Cerebral venous thrombosis as a rare cause of nausea and vomiting in early pregnancy: Case series in a single referral center and literature review

Introduction

Cerebral venous thrombosis (CVT) is a rare yet life-threatening cerebrovascular event with an estimated incidence of <1.5 per 1,00,000 annually (1). Major risk factors include female sex and prothrombotic conditions either inherited (i.e., thrombophilia) or acquired (i.e., antiphospholipid syndrome, use of oral contraceptives, malignancy, pregnancy, and puerperium) (2). Previous studies showed that CVT accounts for only 2% of pregnancy-related stroke (3) and most often presents in the third trimester of pregnancy and the puerperium because of its hypercoagulable state. CVT in early pregnancy is extremely rare, with evidence limited to only a few published reports (4). The aims of this study were to present our experience and to summarize all available literature to further elucidate the clinical manifestations, treatment, and outcomes of CVT in early pregnancy. To the best of our knowledge, this is the largest and with the longest post-pregnancy follow-up hitherto reported.
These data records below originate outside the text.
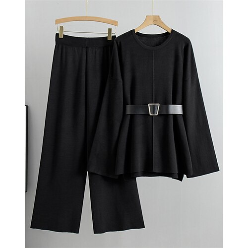 Per donna Felpa Insieme del maglione Streetwear Casual Tinta unica Girocollo Lavorato a maglia Orlo asimmetrico Manica Lunga Top Regolari Maglia Quotidiano Ferie Uscire Nero Cachi Autunno Inverno
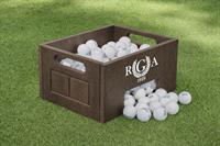 The full panel recycled plastic Superior Range Crate is the perfect option for distributing golf ball on your practice facility. -Logo options: routered, resin filled or acrylic dome -Holds approximately 185 range balls -Built in handles and steel trap door for easy transport -Angled interior floor distributes the balls out the front -8 in. H x 14 in. W x 11 in. D
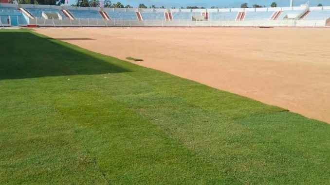 وتضمن تثبيت العشب الطبيعي للملعب مراحل رئيسية بدأت بإعادة تشكيل وهيكلة أنظمة صرف مياه الأمطار و الري وكذلك بإعداد نظام متكامل لإدارة عملية السقي، إلى جانب تسوية سطح التربة لإنشاء سطح مستوٍ جاهز لتثبيت رولات العشب الطبيعي.
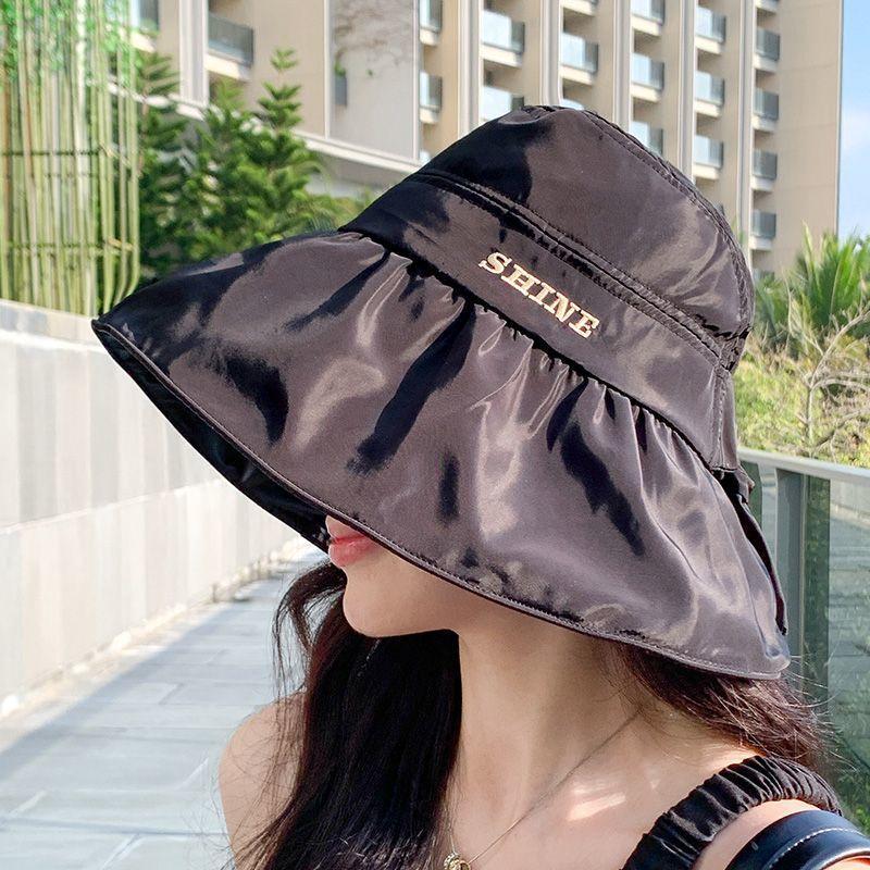 2023 nuevo verano negro plástico moda protección solar sombrero de pescador femenino plegable moda vacaciones sombrero para el sol con ala grande para bloquear la cara |
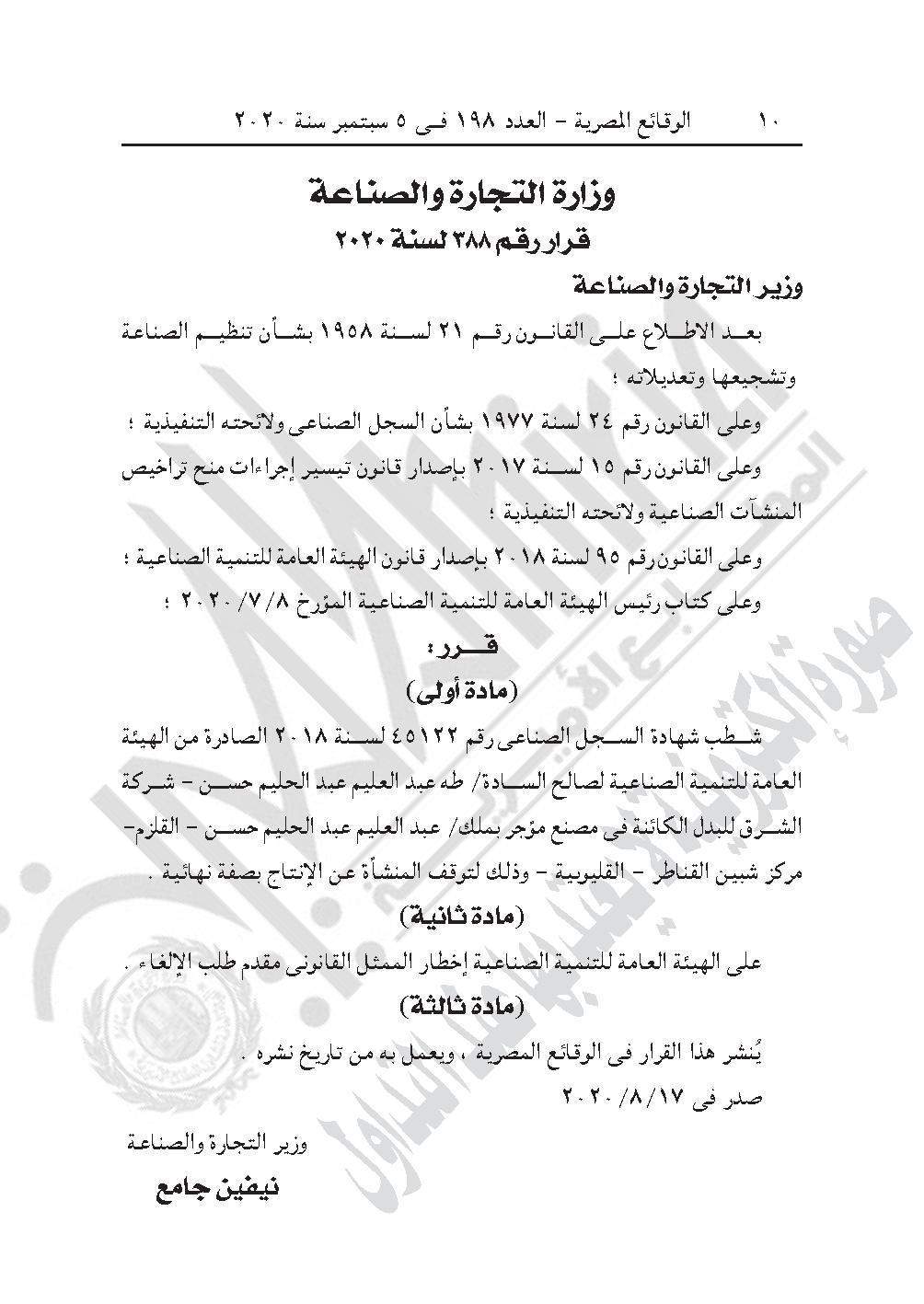 وينص القرار في مادته الأولى على شطب شهادة السجل الصناعي رقم 45122 لسنة 2018، الصادرة من الهيئة العامة للتنمية الصناعية لصالح طه عبد العليم عبد الحليم حسن، شركة الشرق للبدل، بمصنع مؤجر بملك عبد العليم عبد الحليم حسن، القلزم شبين القناطر القليوبية، وذلك لتوقف المنشأة عن الإنتاج بصفة نهائية.
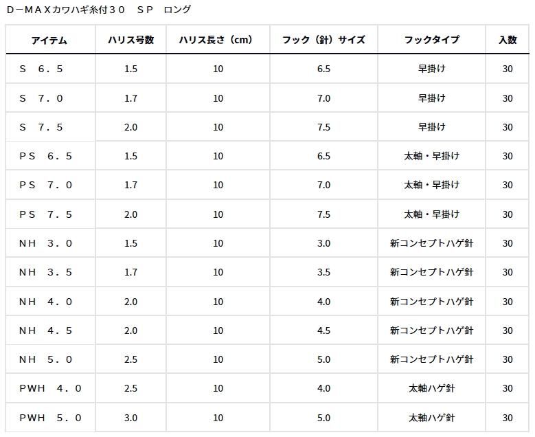 ダイワ D-MAX カワハギ糸付30 SP ロング PWH 4.0 ハリス 2.5号 フックサイズ 4号 フックタイプ 太軸ハゲ針 / 鈎 釣具 メール便可 【本店特別価格】
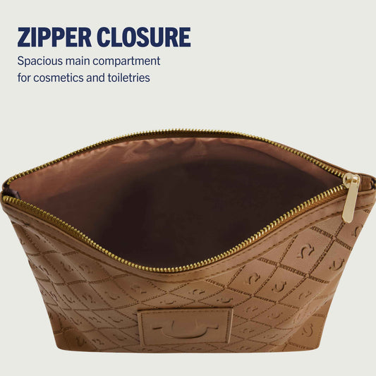 True Religion Women's Makeup Bag, Small Travel Cosmetic Zipper Pouch Organizer, Gold Hardware, Brown
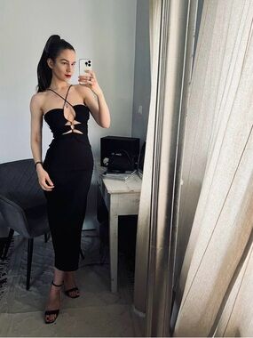 ZARA Black Cut-Out Midi Dress with Appliqué Bloggers Favourite Maxi Summer
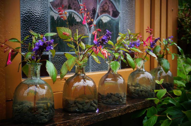 | Salvia en botellas de cristal •• Jardín en Saratoga Springs, New York |
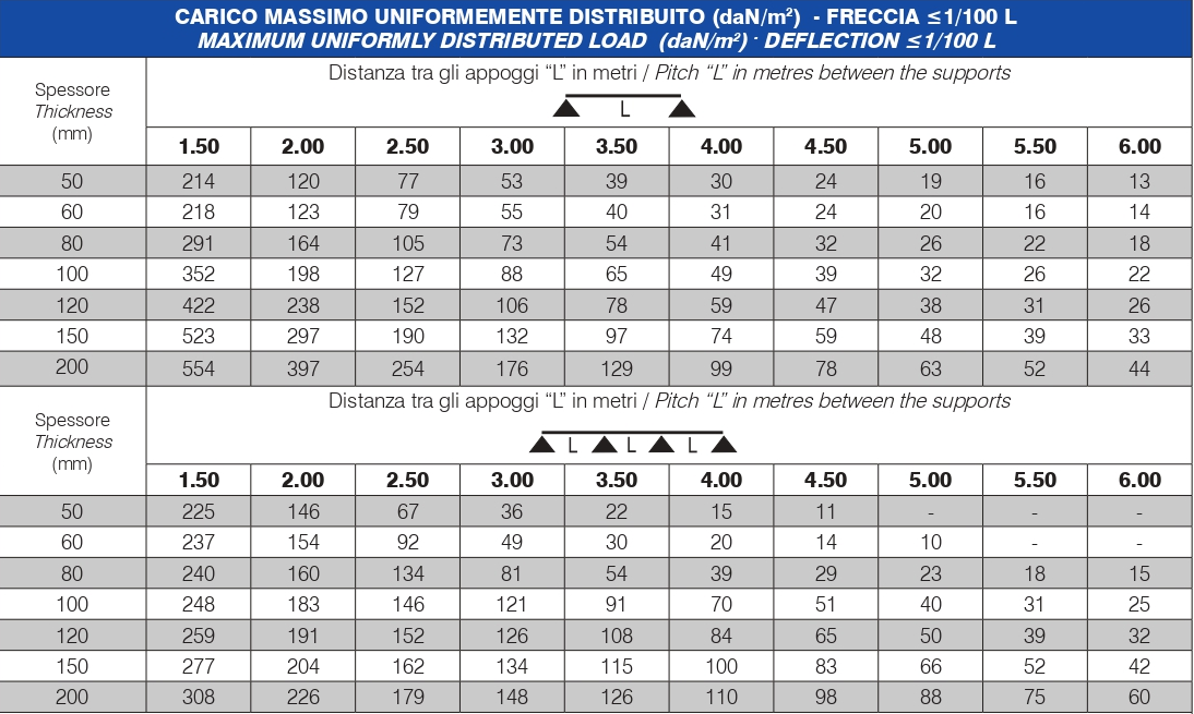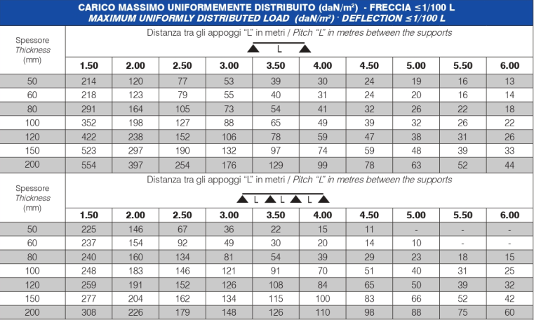 Épaisseur standard de polyuréthane (S) : 50, 60, 80, 100, 120, 150 et 200 mm.
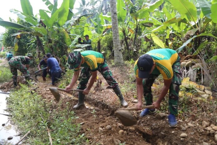Dengan semangat kebersamaan, para prajurit dan warga tampak bergotong royong menyempurnakan jalur galian di area yang dikelilingi tanaman produktif milik warga. Gotong royong ini mencerminkan komitmen nyata TNI dalam membantu pembangunan desa sekaligus mempererat hubungan antara prajurit dan masyarakat.
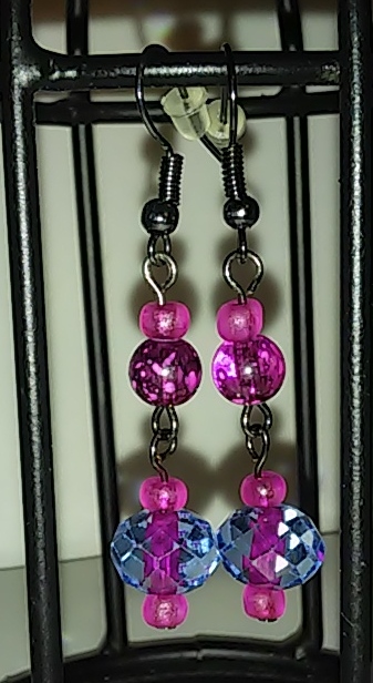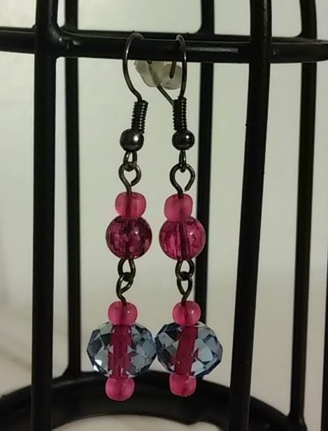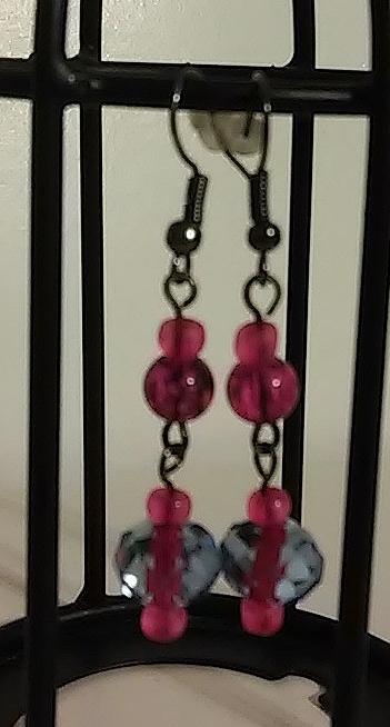 Hot Pink and Periwinkle Painted Glass Bead Dangles
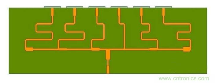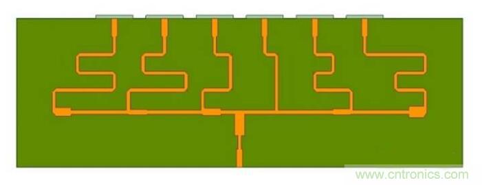 3.2節(jié)確定了各線陣激勵的幅相值,但圖8里的仿真方向圖是理想的,現(xiàn)實中需要通過1分6的功分網絡來將其實現(xiàn)。常用的功分器有Wilkinson功分器和T型節(jié)功分器;Wilkinson功分器只能組成并饋網絡,這種網絡具有較大的損耗且占用面積大,不利于小型化;而由T型節(jié)組成的串饋功分網絡具有損耗低占用面積小的優(yōu)勢,更適合于實現(xiàn)3.2節(jié)中波束賦形的幅相激勵。
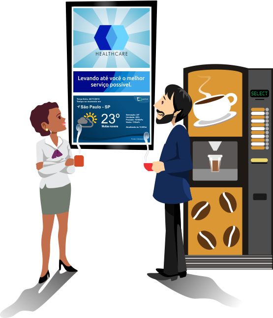 Instale uma tela de TV na recepção da sua empresa e diminua o tempo de espera percebido. Exiba notícias, apresente seus casos de sucesso, diferenciais da empresa, testemunhais de clientes satisfeitos, linha de produtos e serviços para entreter seu convidado enquanto aumenta suas chances de negócios.
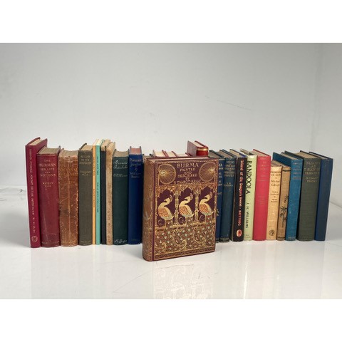 Kelly, R. Talbot Burma, painted ad described. London: Adam and Charles Black, 1905. 8vo, original decorative maroon cloth gilt; Williams, J.H. Bandoola. London: Rupert Hart-Davis, 1953. 8vo, later calf, a little repaired worming; [Idem] Elephant Bill. London: Rupert Hart-Davis, 1950. 8vo, later calf, title repaired; Evans, G.H. Elephants and their Diseases. Rangoon, 1961. 8vo, later calf; Collins, Maurice Last and First in Burma (1941-1948). London: Faber and Faber Limited, [1956]. 8vo, calf, title repaired; Brown, R. Grant Burma as I Saw it. New York: Frederick A. Stokes Company, [n.d.] 8vo, original green cloth gilt; Yoe, Shway The Burman, his life and notions. London: Macmillan and Co., 1910. Third edition, 8vo, original red cloth gilt; Whitehead, George In the Nicobar Islands. London: Seeley, Service & Co. Limited, 1924. 8vo, original red cloth, cloth varnished, browned; Myint, Ni Ni Burma's Struggle against British Imperialism. Rangoon: The Universities Press, 1983. 8vo, red cloth; Shakespear, L.W. History of Upper Assam, Upper Burmah and North-Eastern Frontier. London: Macmillan and Co., Limited, 1914. 8vo, original blue cloth gilt, soiled, some repaired worming; and 16 others, sold not subject to return

Materials and methods Case series

Between May 2018 and November 2021, we retrospectively reviewed the records of all patients hospitalized in the obstetrics and gynecology department of Renji Hospital, School of Medicine, Shanghai Jiao Tong University. A total of 26 hospitalized patients received a diagnosis of pregnancy-associated CVT, and seven patients (26.9%) diagnosed with CVT in early pregnancy (<12 weeks of gestations) were identified and included in this case series. We collected data regarding patients' characteristics, laboratory and neuroimaging findings, treatment modalities, maternal outcomes, and 6-month and 1-year follow-up. Written informed consent was obtained from all the participants before the start of the study. The study was performed in compliance with the Declaration of Helsinki.

Literature review

We searched the Medline, Embase, and Google Scholar databases to identify all English literature published using the keywords “cerebral venous thrombosis”, “intracranial venous thrombosis”, “first-trimester pregnancy”, “early pregnancy”, alone or in combination. We reviewed all articles (including case reports, case series, and review articles), and this resulted in the inclusion of fourteen case reports with a total of 15 patients (5–18).

Results Study population

We included seven patients in our case series, and all of them were in the first trimester of pregnancy (<12 weeks of gestations). The mean age was 32.4 ± 2.28 years (range 27–42 years), and the mean BMI was 21.67 kg/m2 (range 19.5–23.4 kg/m2). Five (71%) out of the seven patients were primiparas, and two (N1 and N2) conceived through assisted reproductive technology (ART). None of the patients reported a past or family history of venous thromboembolism (VTE), thrombophilia, or autoimmune or hematologic diseases.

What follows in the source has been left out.